In places like Ghana, the soap-making company (and now chocolate-making!) supports dynamic agroforestry. Crops such as cocoa and oil palm are densely cultivated along with bananas and papayas. “You’ve got different canopy heights of complementary tree species. It’s like a wild ecosystem. You have tall trees, mid-level trees, bushes, and ground cover,” says Bronner. “That maximizes photosynthetic capture and biomass yield and minimizes weed and pest pressure.”
Coconut, palm oil, mint, and other raw materials come from countries as diverse as Ivory Coast, Madagascar, and India. As conditions in each country and each crop differ, the new certification sets no exact farming rules. “What we are mandating is that your soil health needs to be increasing year to year,” Bronner says. “That five years later a farm can show measurable improvement in its soil quality.”
To develop animal husbandry standards, Dr. Bronner’s worked with Compassionate World Farming, an organization that advocates for more humane treatment of farm animals. Bronner says, “We want no confined factory farms, no confined systems. It all has to be pasture-based, where the animal lives a good life and fulfills instinctual behaviors.”
He also realized organic certification gave little visibility into conditions for farmers, workers, and their communities. Nothing in the certification covered wages or working conditions. Developed with the Fair World Project, regenerative certification bans child or forced labor. It mandates living wages and bans sexual harassment. Farmers must receive a fair price for their crops, and food processing must be done in a facility that pays good wages.
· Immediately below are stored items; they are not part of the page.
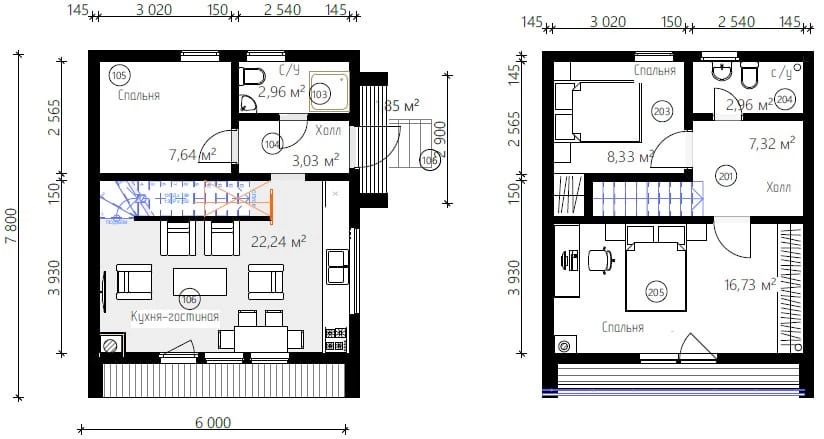 -Внутренняя отделка (потолки 1 и 2 эт.) – Вагонка -Теплоизоляция пола 1 эт. – 100 мм. |
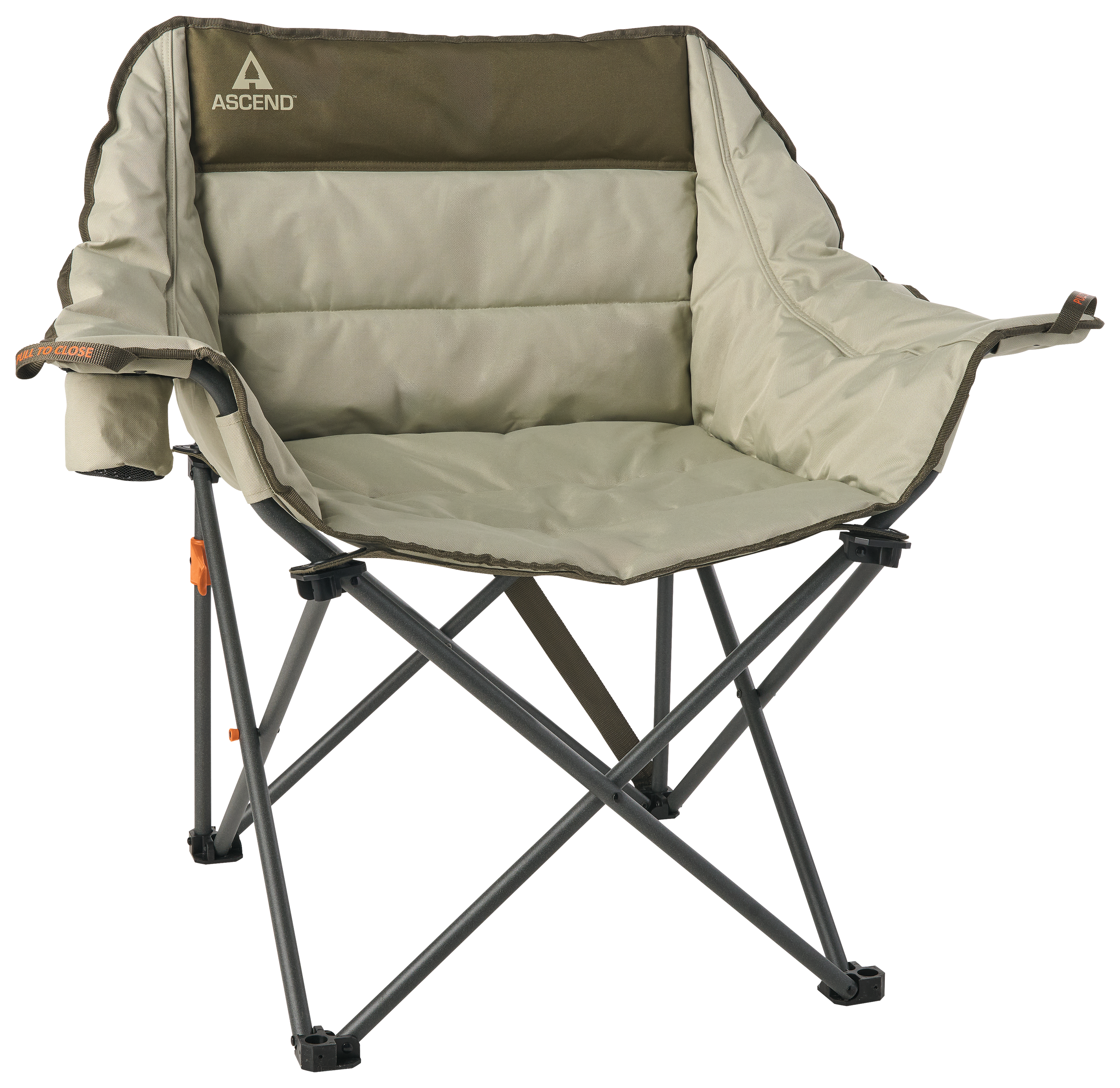 Be comfortable wherever your outdoor adventures take you in the Ascend® Traveler Padded Chair. Made of a water-resistant polyester, this folding camp chair features fully padded and cushioned armrests, back, and seat to boost comfort. Built on a sturdy powder-coated steel frame, this folding design features the Ascend QuickLock molded latch and easy-close handles for easier folding. Integrated carry strap makes hauling this comfy, go-anywhere chair from the campsite to the sidelines to the backyard a breeze. Built-in cup holder. Includes zip carry bag for easier transport and storage.
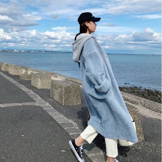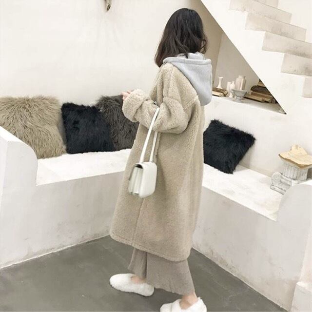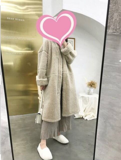 ナチュラルカラーが可愛いロング丈のボアコートです。
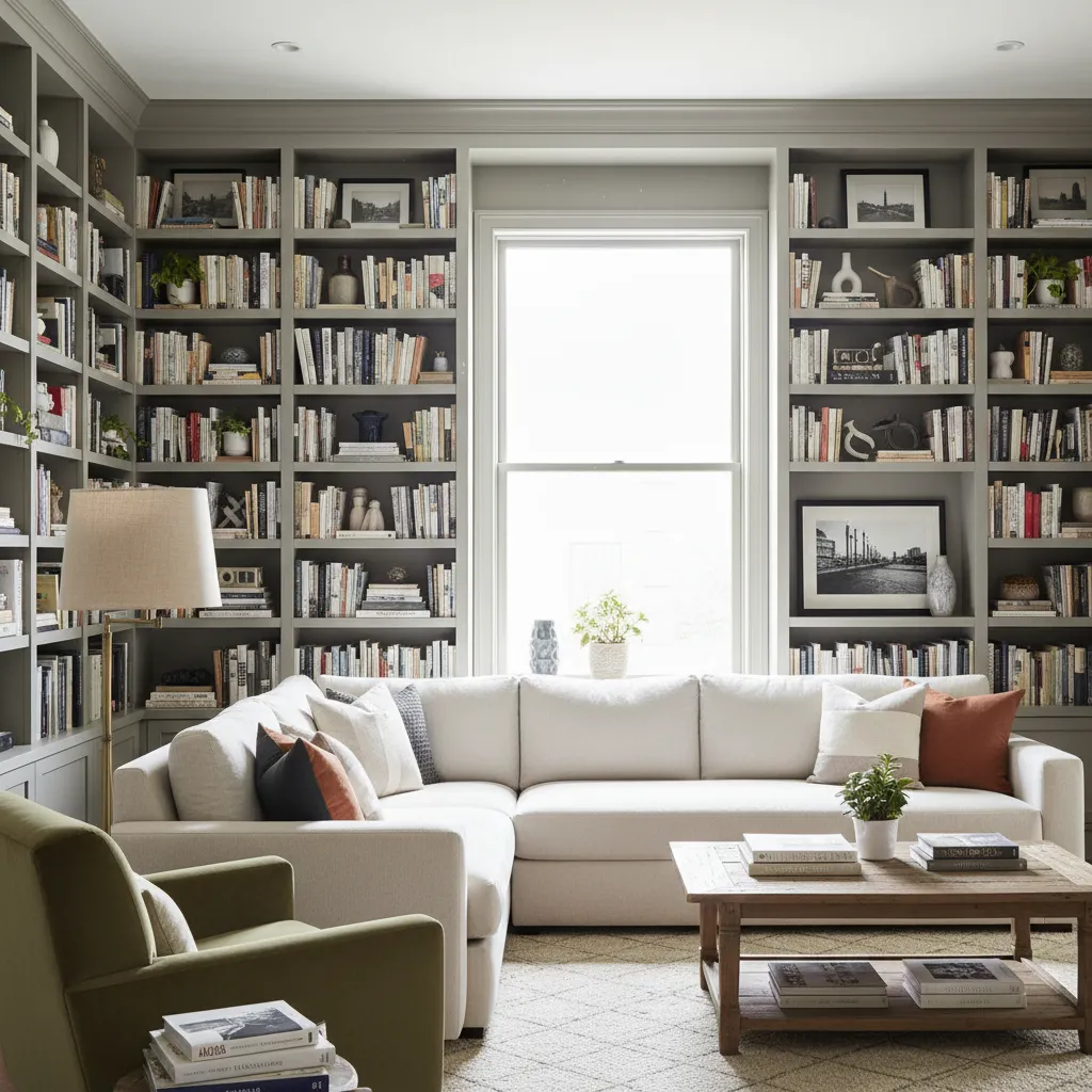 Turn your accent wall into a functional library. Floor-to-ceiling built-ins provide massive amounts of storage while displaying your personality through books and curios.

Bronner encourages other businesses to follow their lead and adopt responsible practices. “Companies that make a like-minded choice, you’ll increase your costs somewhat, but you’re doing a responsible ecological thing,” he says. “Doing the right thing can be very lucrative. We’re an economically thriving and growing business. There are increasing numbers of consumers that want to be assured that the people involved in making their products and growing their food were not shafted and weren’t exploited.”